The Hi-C technology, which is commercially available from Dovetail Genomics (Scotts Valley, CA, USA) and Phase Genomics (Seattle, WA, USA), is based on chromosome conformation capture. The Hi-C method provides information on chromatin interactions (Lieberman-Aiden et al. 2009). It is expected that individual chromosomes remain physically separate in nuclei, and DNA–DNA interactions are more frequent between adjacent regions on the same chromosome than between chromosomes. Contact maps, based on interaction frequencies between any two genomic regions, are used to group, order, and orient contig sequences to generate chromosome-level assemblies (Dudchenko et al. 2017).
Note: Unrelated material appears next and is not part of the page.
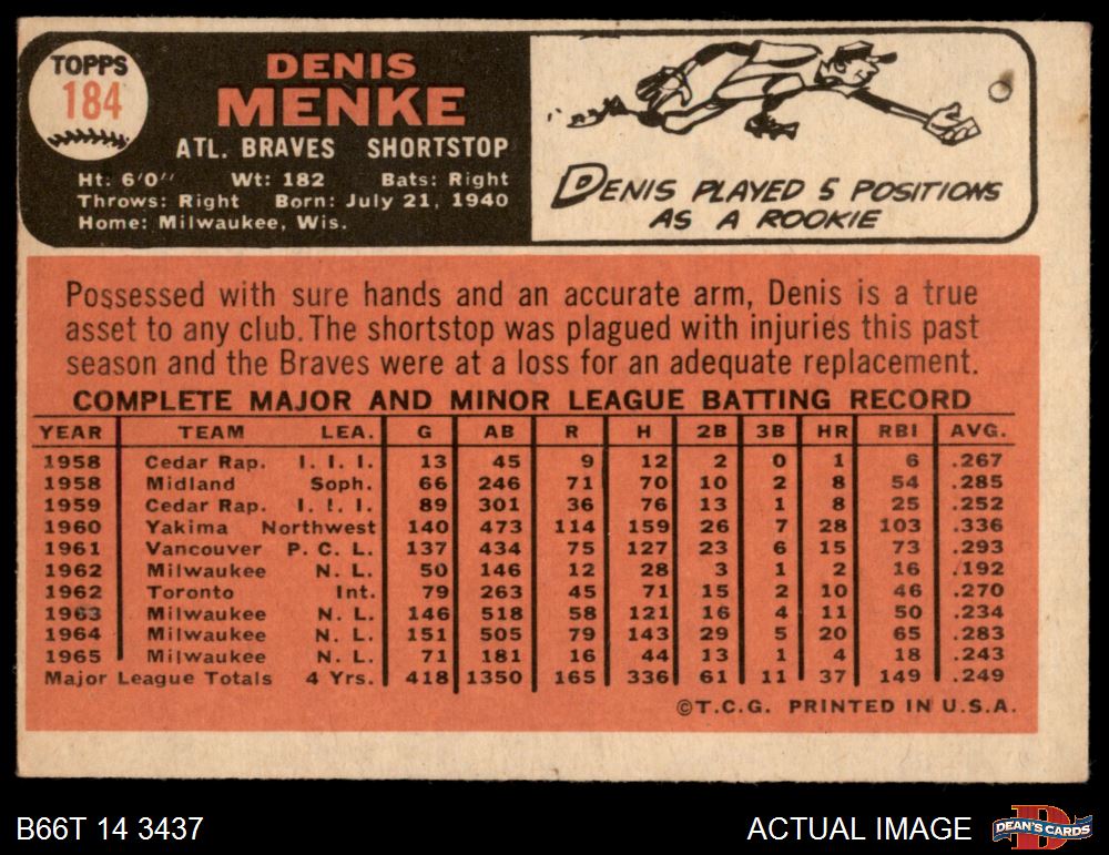 1966 Topps #184 Denis Menke 4 - VG/EX

Haplotype-phased genome assembly

The size of a genome assembly generally corresponds to the haploid genome size of the target plant species. In all plant species, including allogamous species with a heterozygous genome, an integrated genome sequence, also known as a reference genome sequence, is usually generated from two haploid sequences. This explains why chromosome-level assemblies are known as pseudomolecule sequences. To overcome this limitation, genome assemblers have been developed for diploids to generate long-read data (Chin et al. 2016). The resultant contigs comprise two sets of sequences, primary contigs and haplotigs, which represent two haplotype sequences of diploids (Chin et al. 2016). Since one sequence does not always arise from one haploid genome, the concerned sequence might be a chimera of the two haploid sequences, which occurs due to a phenomenon known as haplotype switching. To avoid this problem, Hi-C data are employed to correct the mis-haplotype phasing and to extend the contig sequences along one haploid genome (https://github.com/phasegenomics/FALCON-Phase).
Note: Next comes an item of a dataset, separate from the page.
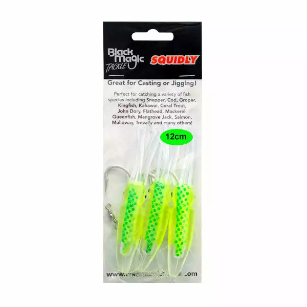 - 9cm Squidlys rigged with 60lb trace, 12cm Squidlys rigged with 80lb trace
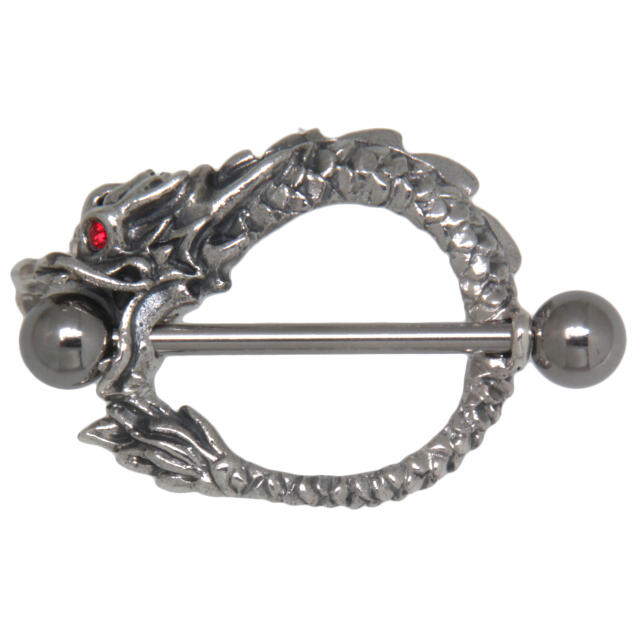 Nipple piercing made of 925 sterling silver dragon swallows world

Another strategy for haplotype-phased assembly is trio binning (Koren et al. 2018). Sequence reads obtained from the target individual are separated into two groups, in accordance with the sequence information of its parents. The separated reads are independently assembled into two sequences, representing the diploid genomes. In principle, the haplotype switch is avoidable using this approach.
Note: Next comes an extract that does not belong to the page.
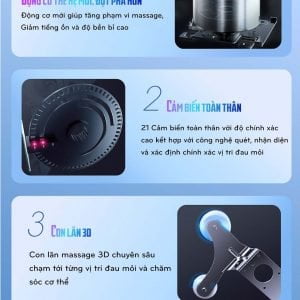 - 8 bài tập chia theo đối tượng: ông chủ, nội trợ, người cao tuổi, game thủ, lái xe, người chơi thể thao, người thích đi mua sắm – di chuyển nhiều, người nội trợ,… Đối với đặc thù công việc và thể trạng cá nhân từng người, sẽ có nhu cầu chăm sóc cơ thể khác nhau. Hệ thống bi lăn và túi khí với thao tác đấm, vỗ, xoa, miết, thực hiện nhanh chậm khác nhau, kết hợp với túi khí co bóp đa cấp độ, tạo nên các bài tập cá nhân hóa, đáp ứng sở thích người dùng

The linked-reads technique also provides long-range haplotype-phase information (Zheng et al. 2016). Contig sequences constructed from short-read data are phased with linked-reads to establish two haploid genome sequences. Although this method is available commercially (NRGENE, Ness-Ziona, Israel), its details have not yet been disclosed in the public domain (Edger et al. 2019, International Wheat Genome Sequencing Consortium 2018).

Chromosome-level genome assemblies in plants

The first chromosome-level genome assemblies were established for Arabidopsis (The Arabidopsis Genome Initiative 2000) and subsequently rice (International Rice Genome Sequencing Project 2005). When these assemblies were generated, genome sequencing analysis was performed using the Sanger method with a clone-by-clone strategy. However, one of the major drawbacks of this approach is the high cost.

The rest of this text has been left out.